┌──

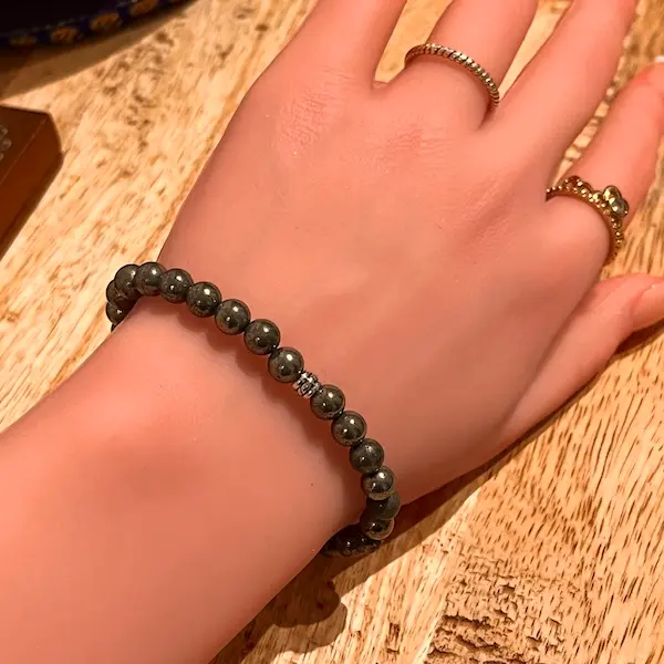 Pyrit krystal armbånd | 6 mm perler | Mål 16 - 18 cm
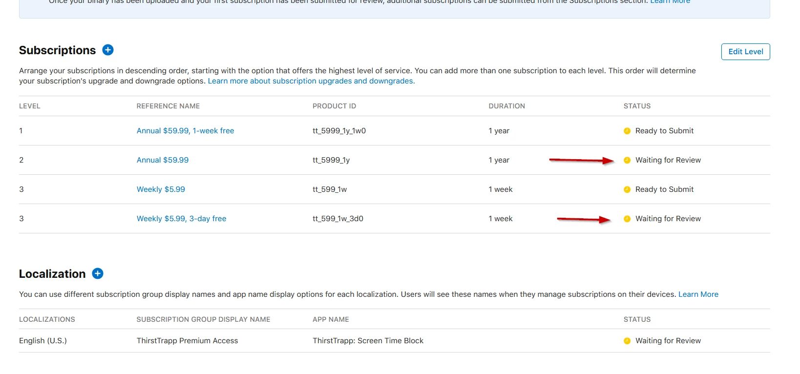 My 2 desired subs were originally "Developer Action Needed" (apparently because the generic "Premium access" name was rejected)
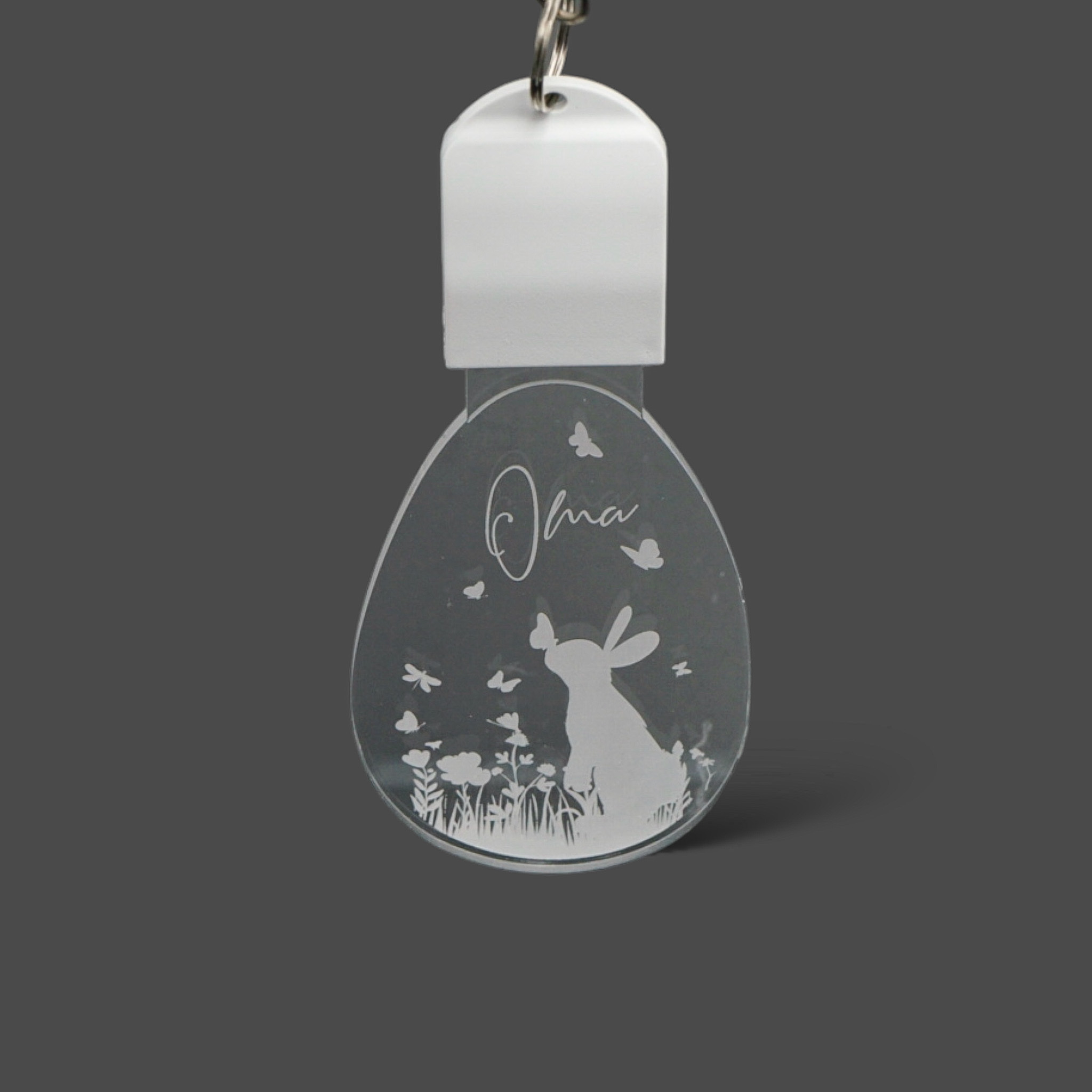 Machen Sie Schlüsseltragen zu einem Fest: Unser LED-Schlüsselanhänger mit einem bezaubernden Osterei aus Acrylglas, verziert mit einem niedlichen Hasen und einem Schmetterling auf der Nase, wird nicht nur zum praktischen Begleiter, sondern auch zum individuellen Blickfang. Das LED Licht des Anhängers kann die Farbe wechseln und wird mit einem praktischen Ladekabel geliefert. Zusätzlich wird der Schlüsselanhänger durch die Gravur Ihres Namens zu einem persönlichen Accessoire.
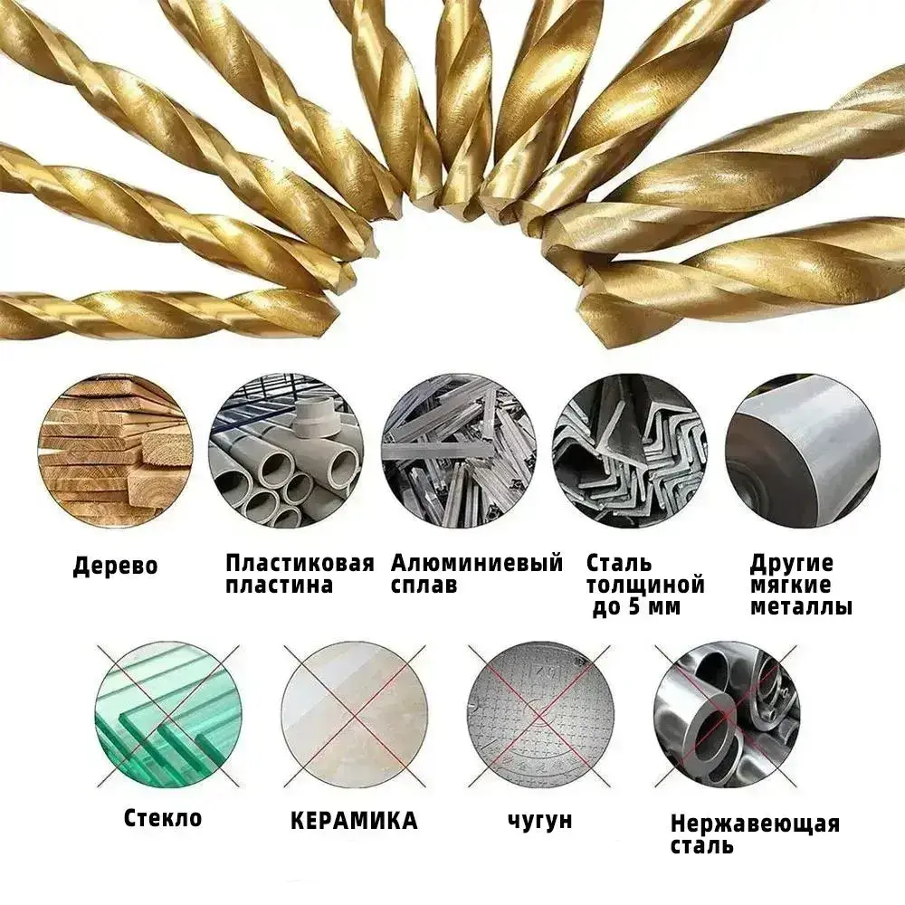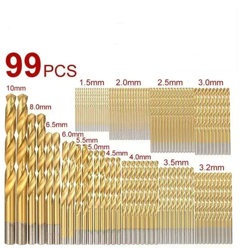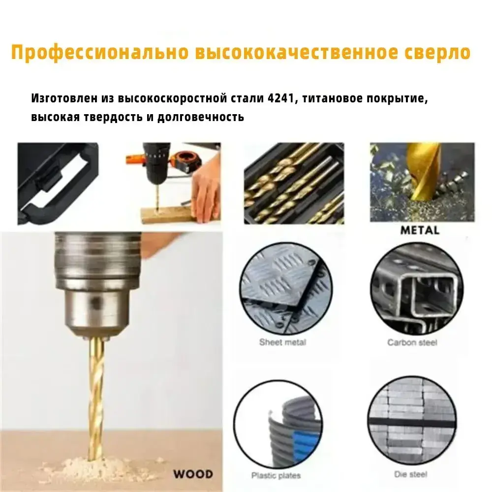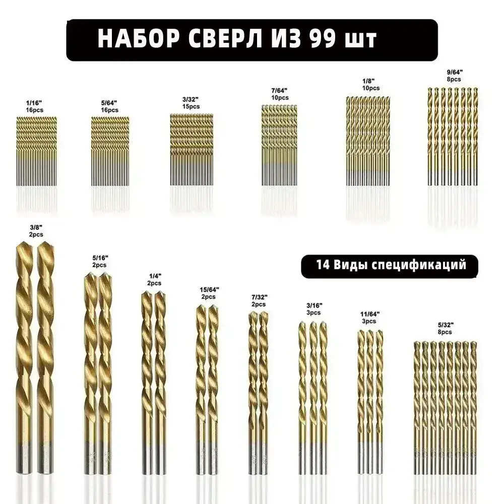 Сверло с круглый хвостовик по металлу, дереву, пластику, набор 99 шт (от 1.5мм до 10мм), Большой набор сверл
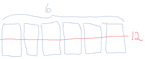 - Man kan lage en tegning av seks meter stoff (som på bildet under), dele alle i to og få tolv biter på \(1\over 2\) meter.
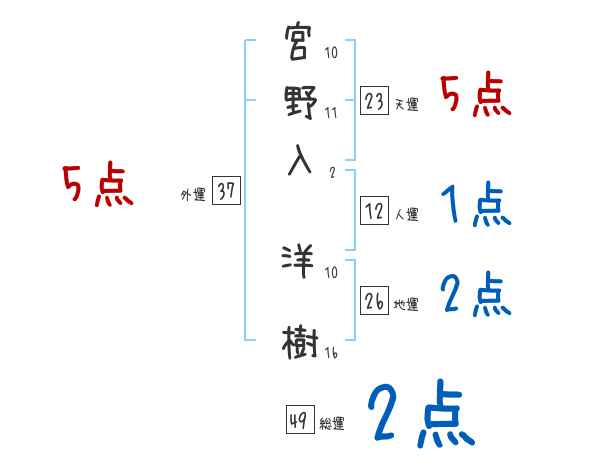 外運![]() | 宮野入洋樹さんの外運は37画の5つ星!努力家で順応性に優れる。現実的な考え方ができ忠実に物事をこなす。 生活面を象徴する運勢です。外部から受ける影響力を表し、結婚運、家庭運や職場、環境への順応性を表します。 |
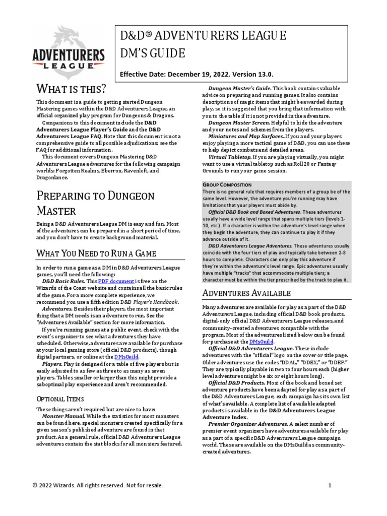 D&D Adventurers League Guide PDF Dungeons & Dragons Gaming

└──

TASK ITEM: What you write should match the entries exactly, except that the pictures are dropped.

ANSWER TO THE PROBLEM:
 Pyrit krystal armbånd | 6 mm perler | Mål 16 - 18 cm
 My 2 desired subs were originally "Developer Action Needed" (apparently because the generic "Premium access" name was rejected)
 Machen Sie Schlüsseltragen zu einem Fest: Unser LED-Schlüsselanhänger mit einem bezaubernden Osterei aus Acrylglas, verziert mit einem niedlichen Hasen und einem Schmetterling auf der Nase, wird nicht nur zum praktischen Begleiter, sondern auch zum individuellen Blickfang. Das LED Licht des Anhängers kann die Farbe wechseln und wird mit einem praktischen Ladekabel geliefert. Zusätzlich wird der Schlüsselanhänger durch die Gravur Ihres Namens zu einem persönlichen Accessoire.
 Сверло с круглый хвостовик по металлу, дереву, пластику, набор 99 шт (от 1.5мм до 10мм), Большой набор сверл
 - Man kan lage en tegning av seks meter stoff (som på bildet under), dele alle i to og få tolv biter på \(1\over 2\) meter.
 外運![]() | 宮野入洋樹さんの外運は37画の5つ星!努力家で順応性に優れる。現実的な考え方ができ忠実に物事をこなす。 生活面を象徴する運勢です。外部から受ける影響力を表し、結婚運、家庭運や職場、環境への順応性を表します。 |
 D&D Adventurers League Guide PDF Dungeons & Dragons Gaming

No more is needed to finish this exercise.